Behind these instantaneous physical reactions is a system designed to protect you. It begins in your middle ear, which detects the sounds and feeds them to your brain, which communicates to your nervous system that danger is imminent. This triggers physical reactions suited to the level of threat. Fortunately, for most of us, the visceral urge to fight, fly or freeze is relatively uncommon.
But for people who have experienced trauma or neglect, and those with some psychiatric disorders, everyday scenarios can switch the nervous system to high alert. So accustomed are they to danger they detect it everywhere, unable to distinguish between friend and foe.
Flooded with fear, they freeze out other people and can end up estranged from society. It can harm every aspect of life, from forging relationships, to learning, to being physically well.
American psychiatrist Stephen Porges has spent his life trying to decode the nervous system. In the process he has explored the function of the middle ear in helping us sense danger, interpret emotional meaning, express ourselves and even stay alive.
He has developed a simple but "revolutionary" therapy, called the Listening Project, which he says retunes the nervous system via the middle ear, to trigger both a sense of safety and the ability to socially engage.
Dr Porges has successfully treated children with psychiatric disorders and learning problems in the US and, in a pioneering study with the Australian Childhood Foundation, will treat Australian children affected by trauma. His supporters hope it could present a breakthrough in the way we treat and support children who have experienced abuse or neglect.
Decades of working with damaged children has lent Dr Porges, a professor of psychiatry at the University of Illinois, a mellifluous tone and an understated manner. His US work has been peer-reviewed and published in medical journals including the International Journal of Psychophysiology.

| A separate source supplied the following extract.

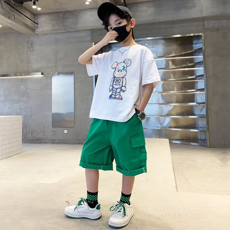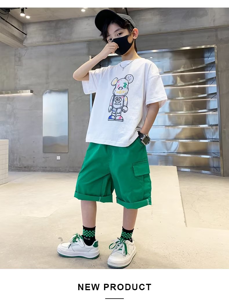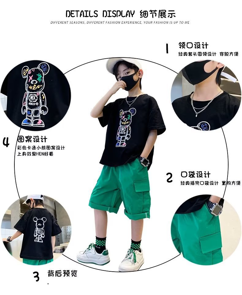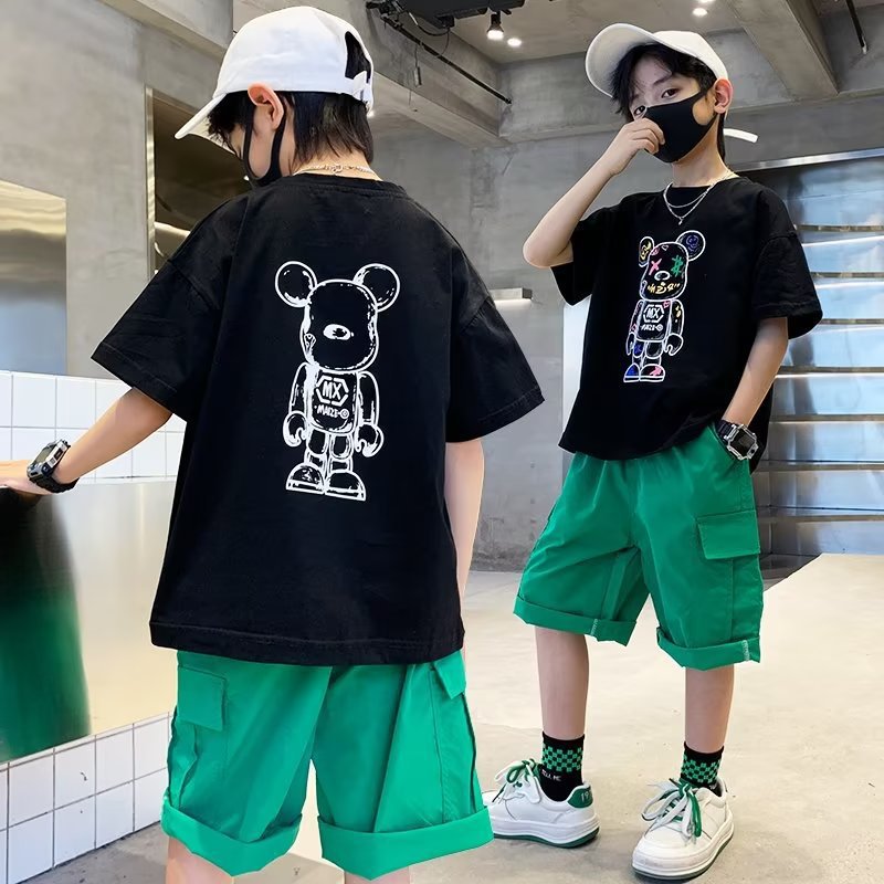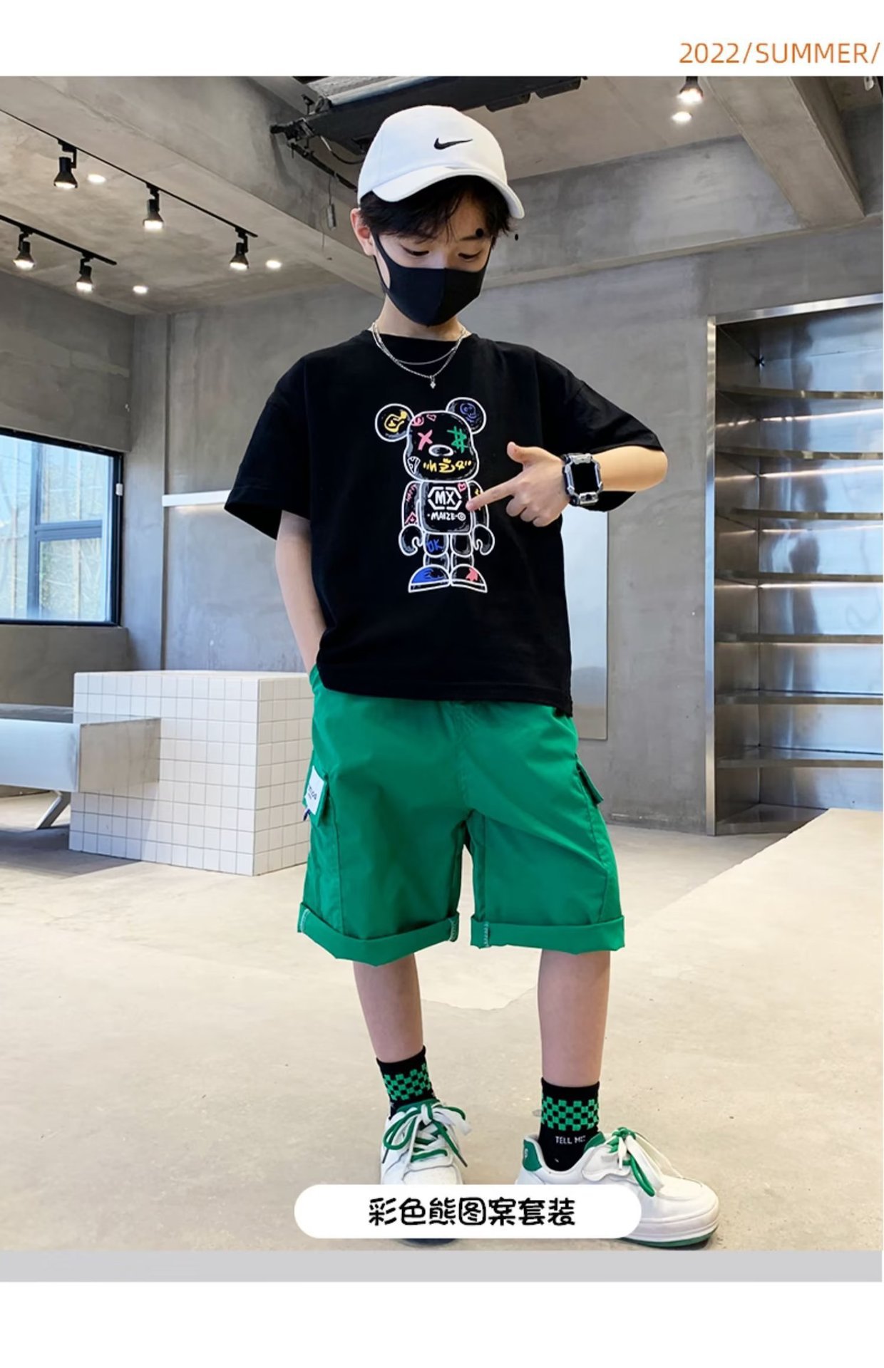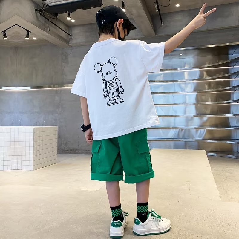 短袖白t恤儿童夏装洋气上衣半袖潮童装男孩帅气衣服男童卡通T跨境

He coined the term "neuroception" to describe how the nervous system evaluates risk. It explains why a baby coos at a caregiver but cries at a stranger; why our palms might sweat when we enter a room full of noisy strangers.
This instinct for danger comes to us in part because of our middle ear, the tiny part of the body that distinguished prehistoric mammals from reptiles. The nerves in the middle ear play a crucial role in our ability not only to hear, but also, Dr Porges asserts, to express ourselves and interpret what others mean when they communicate with us.
Central to his thesis is the idea that the muscles in the middle ear allow in higher frequency sounds. This enabled our prehistoric cousins to signal to one another that it was safe to approach. These softer sounds, once communicated to the brain, help us differentiate between words and interpret the emotional content of language.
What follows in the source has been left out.